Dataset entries
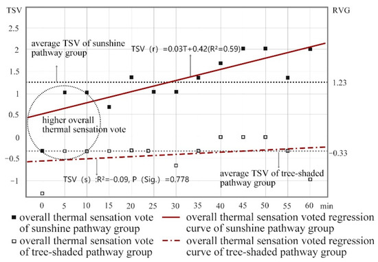 In Figure 7, TSV (r), TSV (s), and T, respectively, represent the overall thermal sensation value voted by subjects in the sunshine pathway group, overall thermal sensation voted value by subjects in the tree-shaded pathway group, and the walking time.
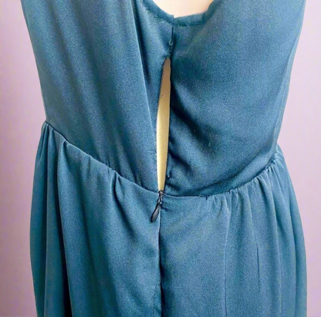Vintage Tulle small black sleeveless dress with beautiful details and design. See fabric half shank buttons in front and ruffled cap sleeves. It's giving depression era debutant! In excellent preowned condition!
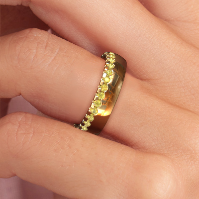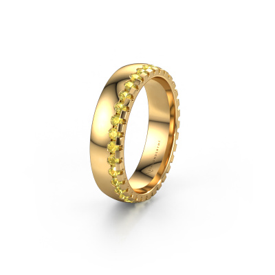 This design ladies wedding ring is a stunning, contemporary wedding ring which truly symbolizes your unique love! Perfectly suited for men with a contemporary style. Simply customize the ring to your liking. Our goldsmith would take on any challenge of creating a perfect ring and will work on your ring, designed by you, in our own artisan studio. He will carefully and passionately create your WH6122L25B wedding ring by hand whilst using the most modern techniques, combined with pure craftsmanship. And this results in a unique, contemporary ring! This design WH6122L25B wedding ring is set with round yellow sapphire, is ±0.20 in wide and has a shiny finish. You can choose the combination of precious metals of your preference in our online tool. Anything goes! It is wise to browse through the characteristics of each different precious metal. For example, gold and silver are softer metals. Carat is determined by the amount of added extra metals. If the goldsmith doesn't add a lot, carat is higher and the wedding ring will be softer. If he adds more metals, the jewel has a lower amount of carat. A softer precious metal can still be used for your design wedding ring! If you prefer a precious metal which will last a lifetime, we recommend platinum. This is the most solid and durable metal our goldsmith uses.Be inspired by our designs, and adjust this wedding ring to your own personal taste: wider or smaller, shiny or matte? No problem! Even if you have ideas of your own for special wedding rings, our jewellery designers are lined up to help you design the ring of your dreams. don't hesitate to contact us!After receiving your order, our goldsmiths will passionately start the creative process of making your wedding rings in our own artisan studio. Because we do not maintain a large stockpile, we can offer our jewellery at a lower price than other jewellers. Our pricing is proof of that! We offer top quality jewels at lowest price, guaranteed.To make it easier for you, we offer a 30 day return policy. Check our terms and conditions.
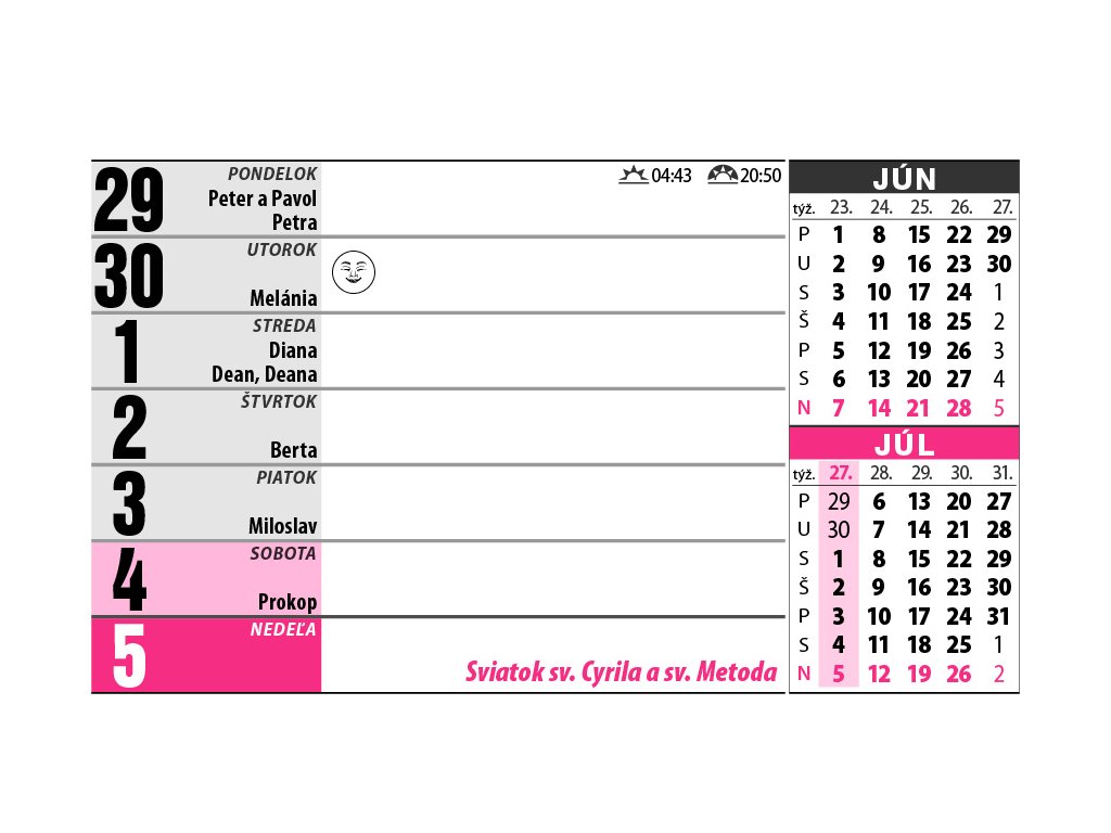 Tento týždenný riadkový kalendár ocenia najmä seniori a ľudia so zhoršeným zrakom. Veľké, ľahko čitateľné písmo zaručuje pohodlné používanie bez námahy. Obsahuje tabuľku prázdnin, slovenský menný kalendár a priestor na. Ideálny pomocník do domácnosti, kancelárieFORMAT | 230 x 140 |
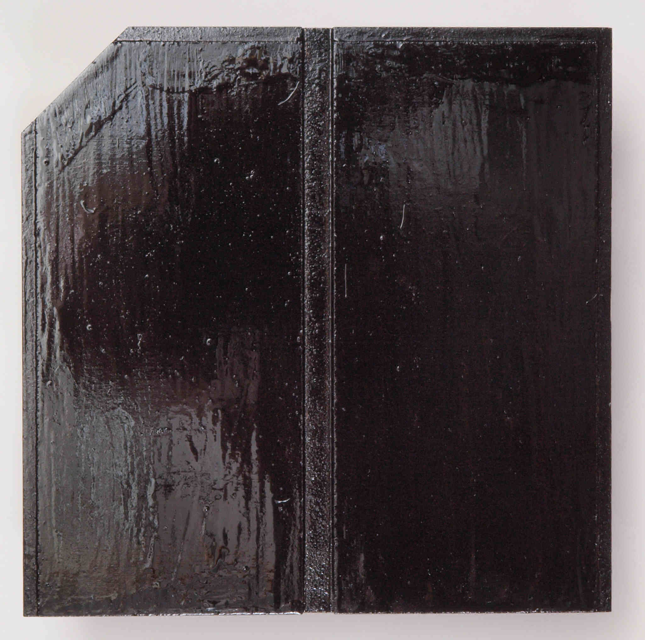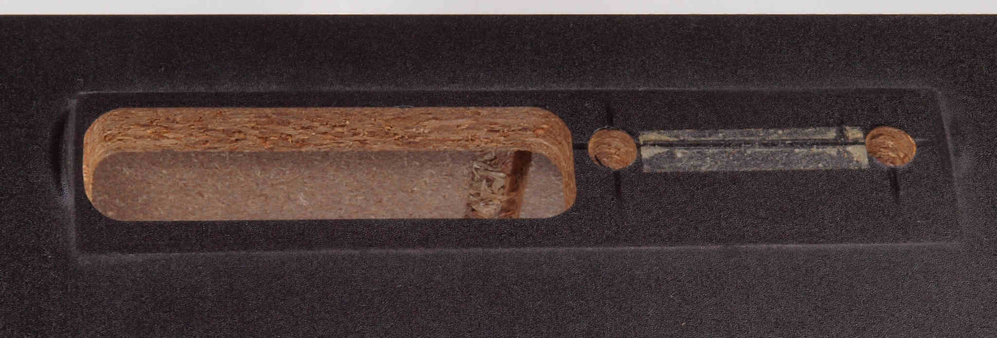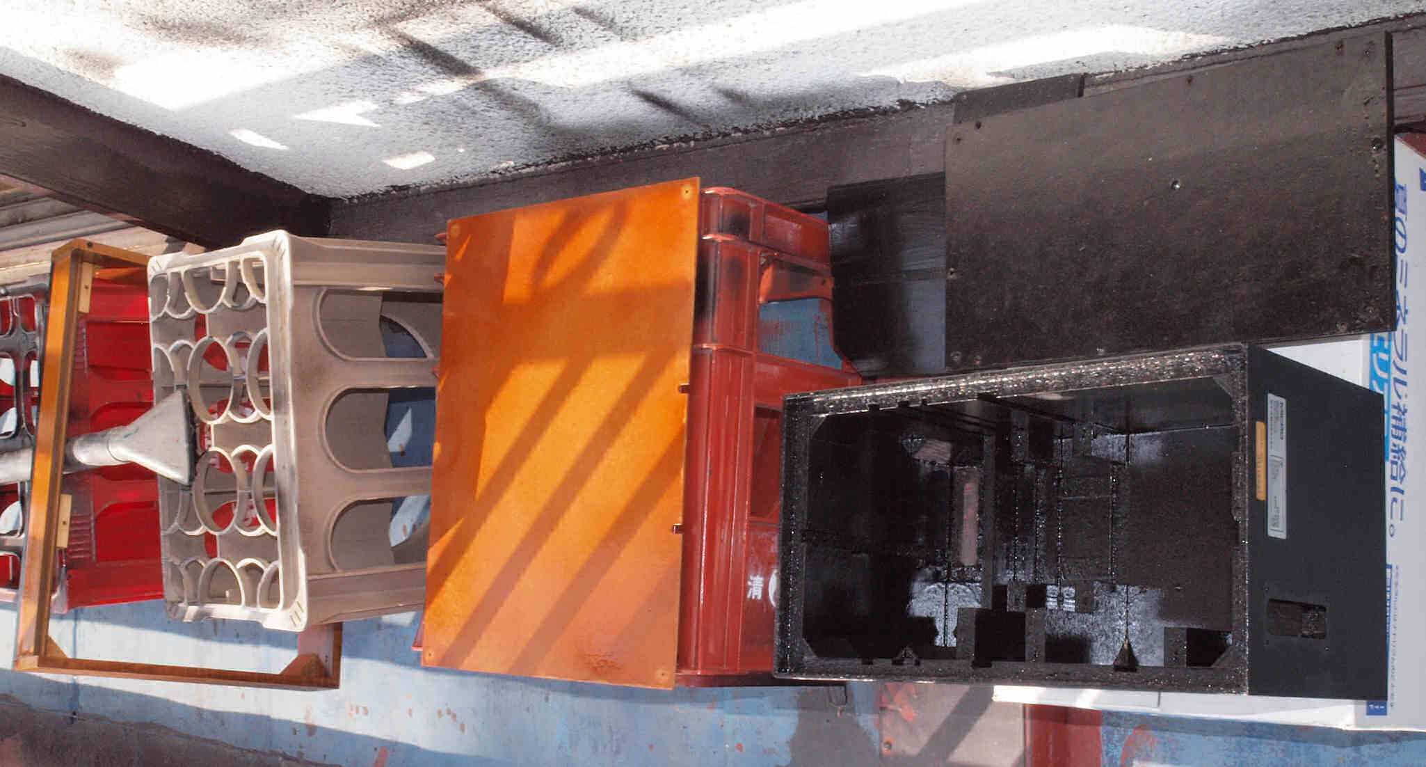 C49. 修理中 接着材が劣化した木箱、下後左から見る。圧縮板にボンドを塗って固めている。

(Requirement):
Retype the entries above exactly, starting at their first line and ending with the line that holds "Vintage Tulle small"; pictures stay out.

(Problem solution):
 In Figure 7, TSV (r), TSV (s), and T, respectively, represent the overall thermal sensation value voted by subjects in the sunshine pathway group, overall thermal sensation voted value by subjects in the tree-shaded pathway group, and the walking time.
Vintage Tulle small black sleeveless dress with beautiful details and design. See fabric half shank buttons in front and ruffled cap sleeves. It's giving depression era debutant! In excellent preowned condition!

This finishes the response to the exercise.